Japanese Zen Buddhist master

Sōen Nakagawa (中川 宋淵, Nakagawa Sōen) was a Japanese rōshi and Zen Buddhist master in the Rinzai tradition. An enigmatic figure, Nakagawa had a major impact on Zen as it was practiced in the 20th century, both in Japan and abroad.

==Early life==

Soen Nakagawa was born as Motoi Nakagawa on March 19, 1907, in Keelung, Taiwan as the eldest of three boys: Matoi, Tamotsu and Sonow. His father, Suketaro Nakagawa, was an army medical officer and his mother's name was Kazuko. His family moved shortly after to Iwakuni, and then finally to Hiroshima. In 1917, at age 12, Nakagawa's father died, leaving his mother Kazuko a young widow. Soen's younger brother, Tamotsu, died soon after in his early childhood. His mother was forced to work to make ends meet and educate her young children herself. It was an unforgiving childhood for Soen. But Soen was much more interested in the arts, where at a young age he displayed a gift for poetry.

==Education==

In 1923, Soen (still Matoi) entered high school and became a boarder at the First Academy in Tokyo. Soen's childhood friend, Yamada Koun, enrolled on the same day as him. The two became roommates there and remained lifelong friends. Rather than carry on the samurai tradition of his father, Soen pondered a more spiritual occupation. Koun recalled one occasion when Soen talked about how he was sitting zazen atop a platform on the balancing bars in the playground resulting in a "natural self-realisation". Koun found this rather odd. Soen would write later, as a monk, that his high school years were spent in search of a meaning in life. At the school library, Soen read a passage on impermanence and deluded approaches towards happiness by Schopenhauer, which provided him with a sense of clarity. Soen also found great clarity in the passages of Orategama by Hakuin. He gave a copy to Yamada Koun, beginning his own interest in Zen afterwards.

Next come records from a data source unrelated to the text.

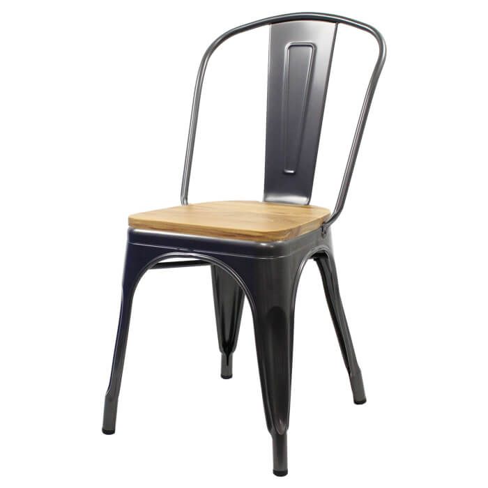 Tolix Style Bistro Chair with Wooden Seat | Gloss Gun Metal
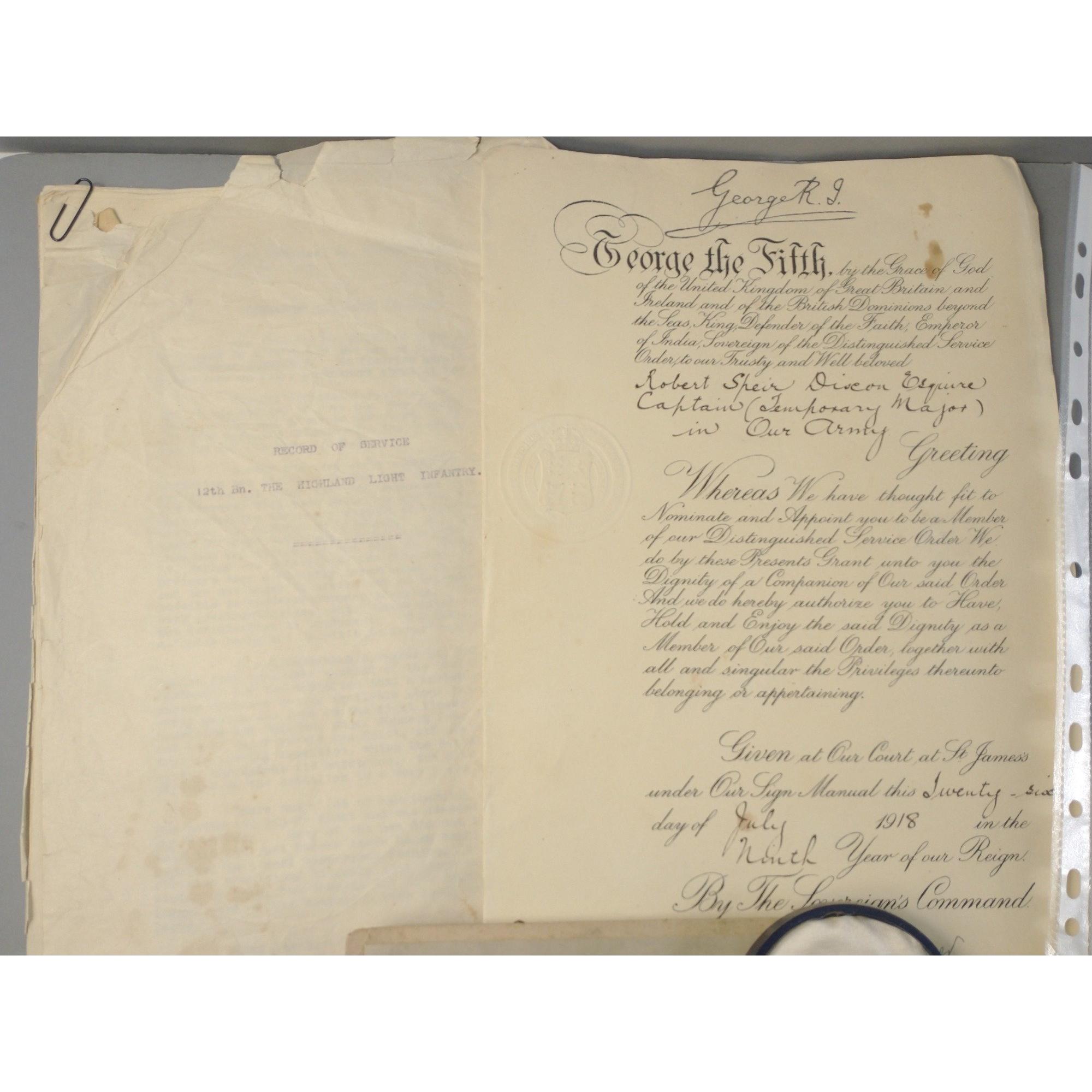 - Appointment to Order of the Distinguished Service Order dated 26 July 1918, Pen signed George R J.
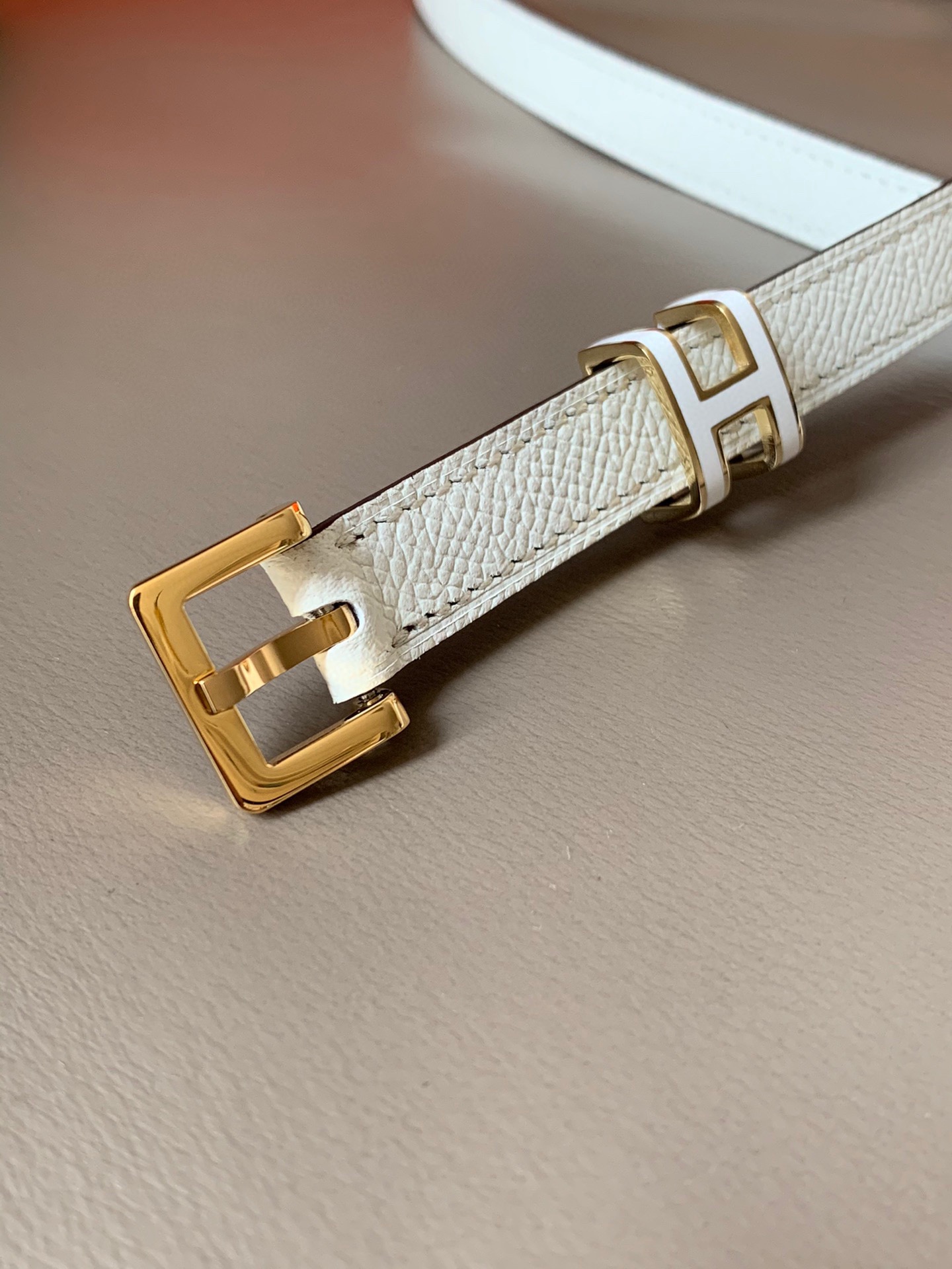 Hermès Female Leather Belt Top Grain Leather White 15mm-s-m
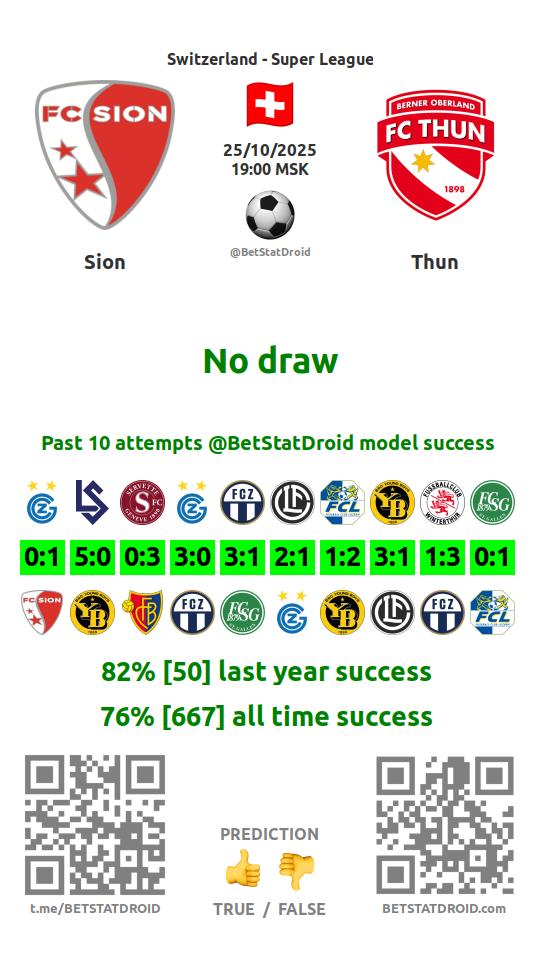 ✔ Thun scores over 1,5 goals in each of 5 last games
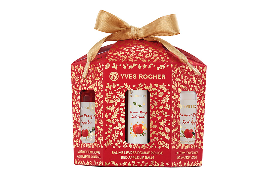 Если хочется создать уют и праздничное настроение в доме, стоит обратить внимание на рождественскую косметическую коллекцию Holiday Ornaments от Yves Rocher, которая включает в себя как парфюмированые свечи, так и классические наборы в красочных упаковках. Один из них и привлек наше внимание — это сет Holiday Ornaments Kit Red Apple, посвященный сочному и сладкому красному яблоку. В подарочный набор, который напоминает домик с окошками, входит четыре мини-средства: крем для рук Red Apple Mini Hand Cream 30 мл, гель для душа Red Apple Scented Shower Gel 50 мл, лосьон для тела Red Apple Scented Body Lotion 50 мл и бальзам для губ Red Apple Nourishing Lip Balm 4,8 г. Главными компонентами, объединяющими все продукты сета, стали экстракты яблочной и васильковая воды, а также эфирные масла апельсина, ванили и пачули. Приобрести можно на официальном сайте и в сети магазинов бренда, ориентировочная цена 410 грн.
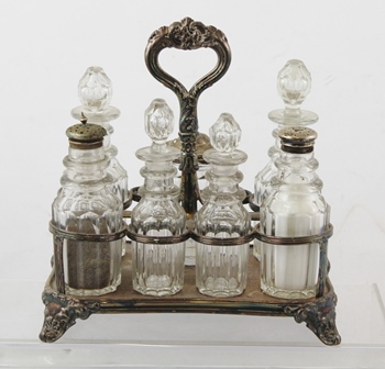 AN EPNS SIX BOTTLE CRUET
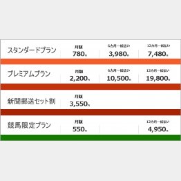 日刊ゲンダイでは、月780円のスタンダードプラン(記事50本まで)、月2200円のプレミアムプラン(無制限)、月3550円の新聞郵送セット割(新聞郵送+無制限)、月550円の競馬限定プランがございます。

In 1927, Soen and Yamada entered Tokyo Imperial University together, where Soen stayed in a dorm at the Pure Land temple Gangyo-ji. He majored in Japanese Literature, and it was here that he continued writing his poetry. While at the university Soen studied classics of both the East and West. He studied Buddhist Sutras along with the Bible. He enjoyed campus life, where he frequented the theater to hear renditions of classical masters and had a band of friends immersed within the artistic community of Japan. Soen even started a small group at the university for people to sit zazen together, a tradition that lives on at the university to this day. Soen's final thesis was on the famous haiku poet, Matsuo Bashō.

==Zen training==

In 1931 Nakagawa and Yamada graduated from Tokyo Imperial University, and it would be several years before the two would meet again. A short while after graduation Soen attended a Dharma talk by Rinzai Zen master Keigaku Katsube at Shorin-ji and knew he wanted to become a monk. Soen wanted to be ordained on his birthday at Kogaku-ji, once the monastery of his favorite Zen master Bassui. His mother felt he was throwing away his education, but knew he was a grown man who had to make his own decisions. So on March 19, 1931, Soen was ordained as a Zen monk by Keigaku Katsube at Kogaku-ji and given his Dharma name Soen. Just like Bassui, Soen began travelling to Dai Bosatsu Mountain in Kai province (near Mount Fuji) doing solitary retreats as a hermit and then returning to the monastery to resume his duties as a monk. On the mountain Soen sat zazen and wrote haikus, bathing in nearby streams and living off of the land. One day while on the mountain he nearly killed himself by eating poisonous mushrooms, and some peasants from nearby took him in and nursed him back to health. During this time Soen also became a friend and informal pupil of Dakotsu Iida, the now famous haiku poet. He later sent his work to Iada and had it published in Iida's haiku journal, Unmo. In 1932 Nakagawa first conceived the idea of an International Dai Bosatsu Zendo while meditating on Dai Bosatsu Mountain, traveling to Sakhalin Island in Siberia in an empty search for gold to fund the project. It was also on Dau Bosatsu Mountain that Soen came up with his original mantra, "Namu dai bosa". In 1933 Nakagawa completed his haiku anthology Shigan (Coffin of Poems). That following year, 1934, selections from Shigan were published in the haiku journal Fujin Koron.

==Ryutaku-ji==

In 1935 Nakagawa accompanied Katsube Roshi to lead a weekend retreat for Tokyo Imperial University students, and realised he forgot the kyosaku (Zen stick). In search of a replacement stick Soen went to a nearby Zen center, Hakusan Dojo, where he heard Myoshin-ji Zen master Gempo Yamamoto speaking. Soen became transfixed by the talk and intrigued by the man. Soen would return to the dojo several times after this encounter. One day, Gempo stated:

If you practice zazen, it must be true practice.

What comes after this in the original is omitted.